The construction of the first sugar factory in Busia County kicked off on 30th April 2014.
The 3.6 billion shillings factory was commissioned by Busia County boss Sospeter Ojaamong at Busibwabo in Matayos constituency where the groundbreaking ceremony was held.
According to Busia Sugar Industry Ltd administrator Omar Dhadho the factory is expected to create over 500 jobs directly and hundreds others indirectly.
“The new factory, which will be operational in a year’s time, is expected to reduce transport costs to farmers and help improve infrastructure,” he said. He added that the factory, which will be built on a 10-acre piece of land, is expected to crush 3,000 tons of cane on a daily basis.
Additionally Dhadho said 4,000 cane farmers have been contracted on 8,000 acres. He was accompanied by the firm’s agriculture officer, Hassan Atudo and county chief of staff Robert Papa,
He said they are targeting 30,000 farmers with an estimated acreage of 67,000 under cane in the entire county. This will therefore see them realize their dream.
Last year two farmers from Kakamega County moved to court to block the construction of a sugar factory in Busia arguing that the law prohibits another factory from being built just within a radius of 40km.
Busia Sugar Industry Ltd now joins the league of Mumias, Nzoia, West Kenya and Butali sugar companies in the fight for the region’s market and battle to control cane farmers.Mumias Sugar has the highest crushing capacity at 8,000 tons of cane per day.
West Kenya crashes 3,500 tons per day. Nzoia is third with 3,000 tons while Butali has a daily crushing capacity of 1,550 tons.

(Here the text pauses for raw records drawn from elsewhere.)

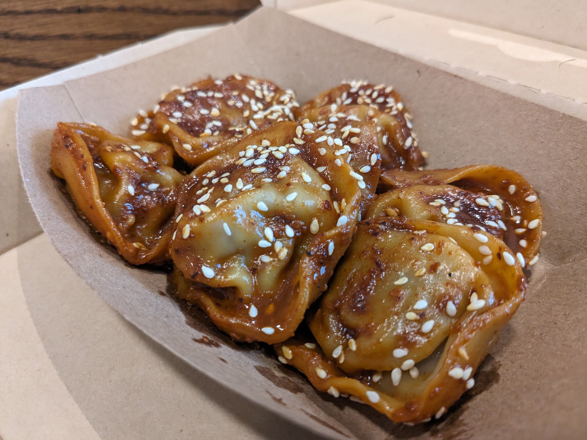 The dumplings are well seasoned and the skin is chewy (none of the skin broke so +1) but the sauce is a tad too thick and probably didn't help that it was served in a paper plate where it immediately started to absorb any moisture present.
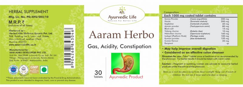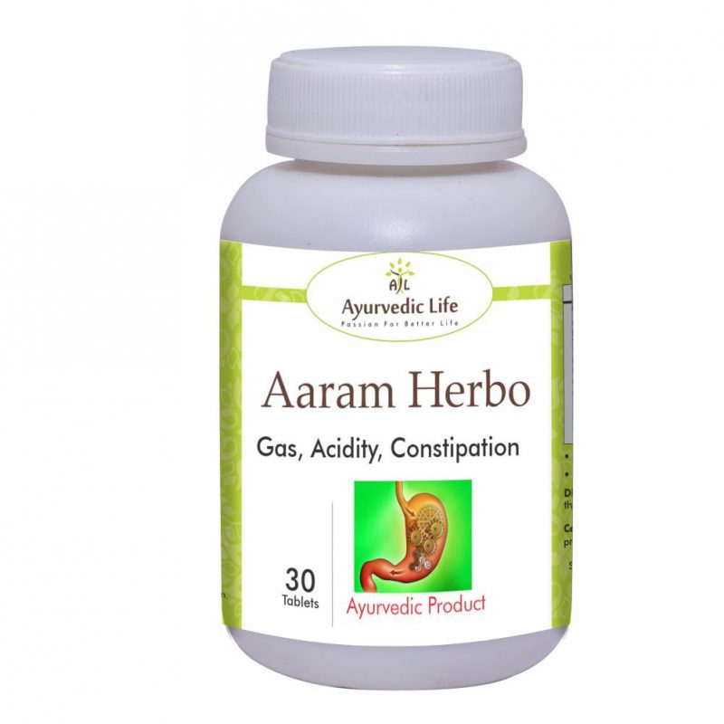 - Aaram Herbo tablet can be used for Ayurvedic purposes. Ayurvedic Life Aaram Herbo tablet helps to give relief from Constipation, Acidity & Gas.
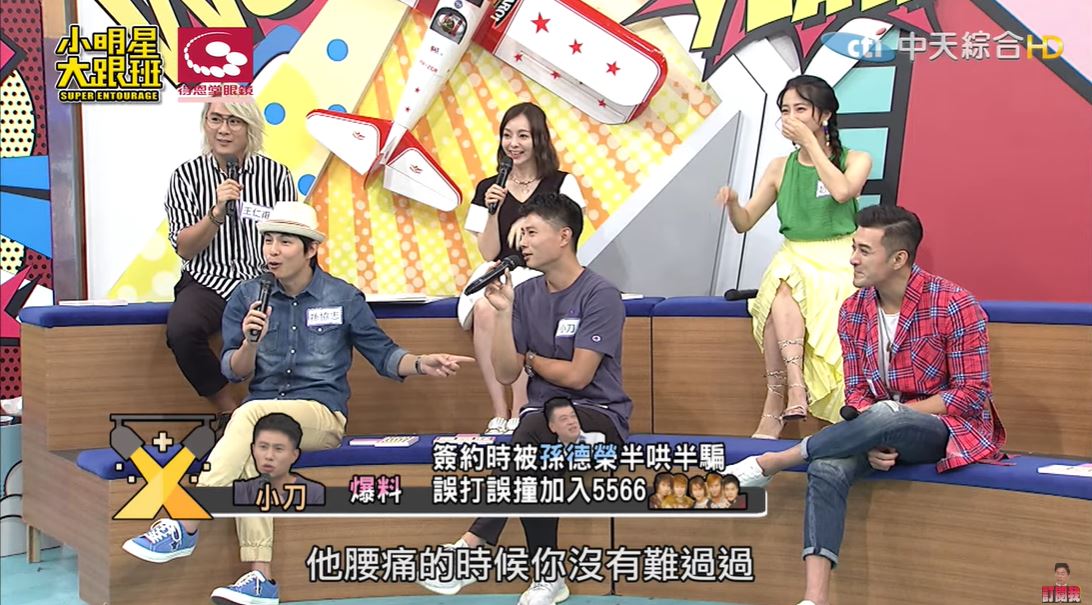 孫德榮解釋「因為我5566進度完全趕上啦!」直說以前為了小刀,5566的表演常常會延遲一、兩個禮拜,就為了要等他記舞步,Sandy聽了忍不住笑說:「他本來是老鼠屎嗎…」小刀尷尬直說:「delay到天亮是有啦…」坦言自己學舞真的比較慢。
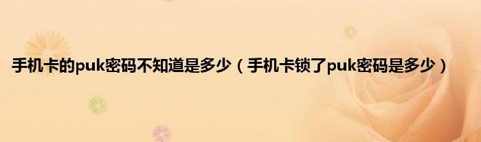 以上就是【手机卡的puk密码不知道是多少,手机卡锁了puk密码是多少】相关内容。
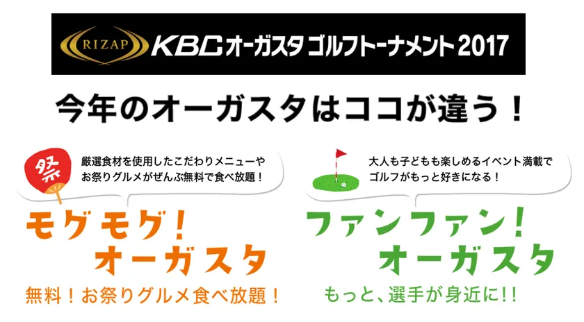 RIZAP協賛「RIZAP KBCオーガスタゴルフトーナメント2017」 8月24日より開始! 人気グルメが無料食べ放題のほか、 選手を身近に感じられるイベントなど盛りだくさん
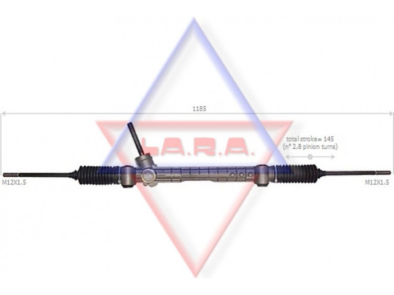 Criteries : Απόσταση των οπών στερέωσης [mm] 400, Αριστερή ή δεξιά κυκλοφορία για δεξιά κυκλοφορία, Αριστερό ή δεξιό τιμόνι για αριστεροτίμονα οχήματα, Διάμετρος, στέλεχος εισόδου [mm] 16,6, Διαστάσεις σπειρώματος αξονικής άρθρωσης M12x1,5, Είδος κιβωτίου συστήματος οδήγησης Οδοντωτή ράβδος - πυξίδα διεύθυνσης, Μήκος 1/ μήκος 2 [mm] stroke= 145, Ολικό μήκος [mm] 1185, Πλήθος των στροφών τιμονιού 2,8, Τρόπος λειτουργίας ηλεκτρικό, Τρόπος λειτουργίας χειροκίνητο, Τύπος σπειρώματος αξονικής άρθρωσης με εξωτερικό σπείρωμα, Τύπος σύνδεσης, στέλεχος εισόδου τετράγωνο, Ύψος, στέλεχος εισόδου [mm] 108
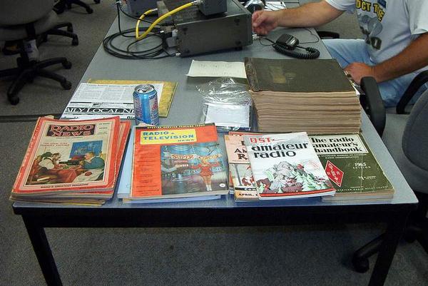 Many "Thanx" to VE1FO for our satellite contact with the crew in Halifax. Using our manually-operated "Deep Space Howitzer" on the low-flying FM birds turned out to be quite a challenge. Next year, it's 'egg-beaters' and 'arrows'. The APRS and ATV demonstrations were also well received by the county officials. Light reading was provided; including 1920s Radio News, 1930s QSTs and Gernsback mags, a 1945 ARRL Handbook, and a correspondence course from the Nat'l. Radio and Television Institute c. 1932-1935!~!~!
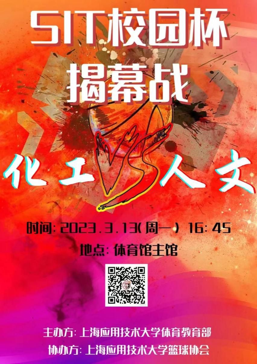 2023313日下午1645分,由上海应用技术大学体育教育部主办、篮球协会协办的SIT校园杯揭幕战——化工学院对战人文学院篮球赛在体育馆主馆举办,为体育文化节火热开头。双方队员全场手感火热,配合默契,在赛场上赛出风格、赛出水平,为大家呈现了一场精彩纷呈的比赛。最终人文学院以6663战胜化工学院,取得本次比赛的胜利。
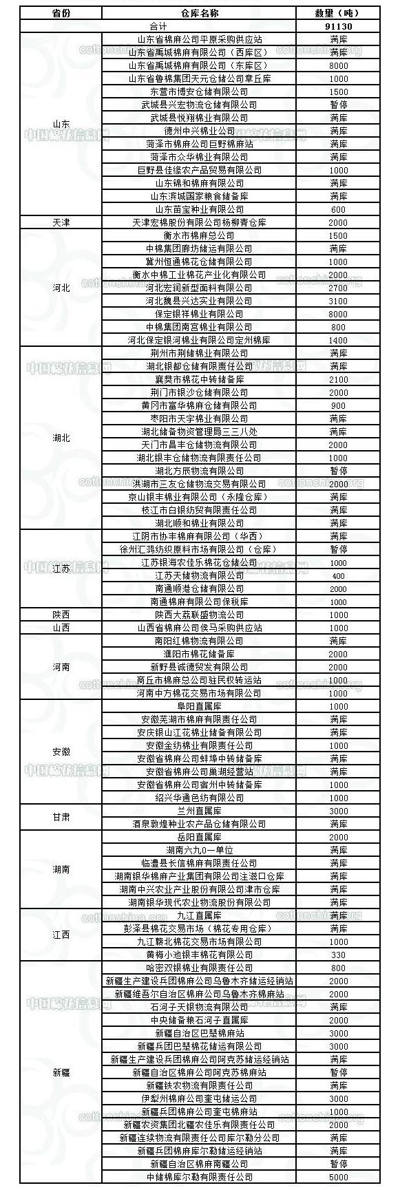 錦橋紡織網(wǎng)—資訊頻道> 棉花信息> 棉花動態(tài)>正文 3月13日收儲庫點及數(shù)量
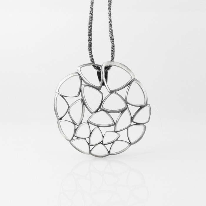 Sterling silver necklace with a 43 cm long synthetic silk cord and silver clasp. Pendant dimensions: 6 cm in diameter.
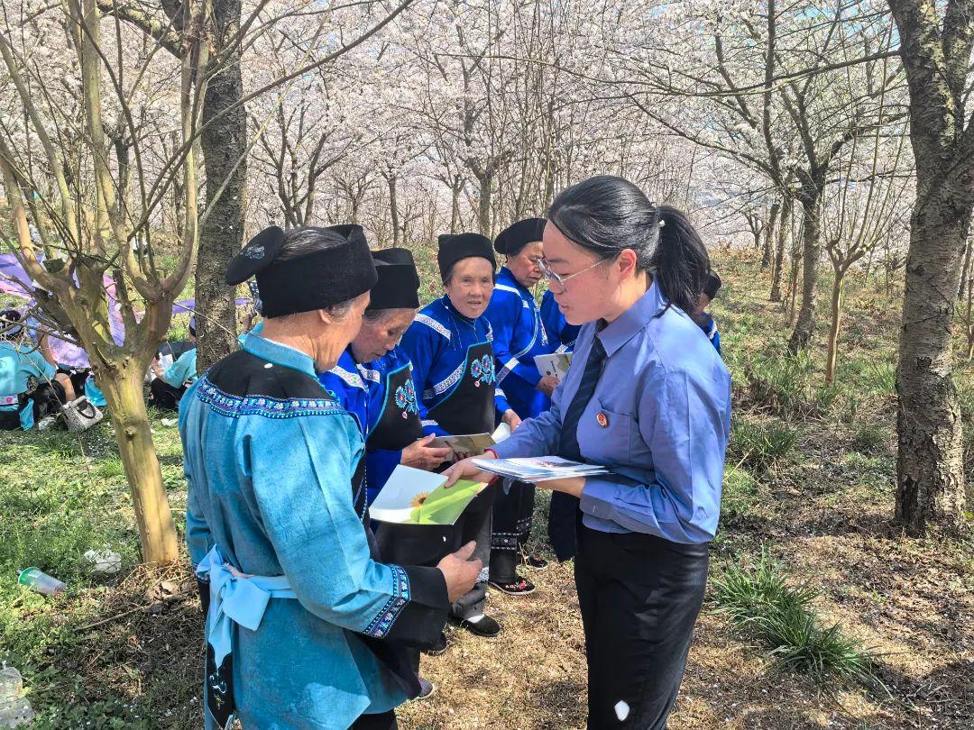 春意漸濃,櫻花盛放。近日,貴州省安順市西秀區(qū)黃臘鄉(xiāng)櫻花園內(nèi),一場別開生面的反詐宣傳活動如約而至。由安順市人民檢察院、安順市公安局、安順市人民銀行聯(lián)合主辦的“櫻舞春風(fēng)·反詐同行”主題活動,將反詐宣傳與春日賞櫻場景深度融合。安順市人民檢察院聯(lián)合西秀區(qū)人民檢察院開展法治宣傳,用一抹“檢察藍”守護群眾的“錢袋子”,為浪漫櫻花季增添法治溫度。

Butali Sugar Company is putting up a power generation plant that will add 12 megawatts of electricity to the national grid.
This is likely to make Butali Sugar Company as the second sugar factory after Mumias to generate electricity besides making sugar.
Mumias Sugar has diversified its production to produce ethanol, electricity and water to cushion itself from the lifting of Comesa safeguards.
In 1993 the Kenyan Government signed the Comesa treaty putting into play free trade among member countries. However this saw the opening of a floodgate of imported sugar that later affected local sales of all sugar companies.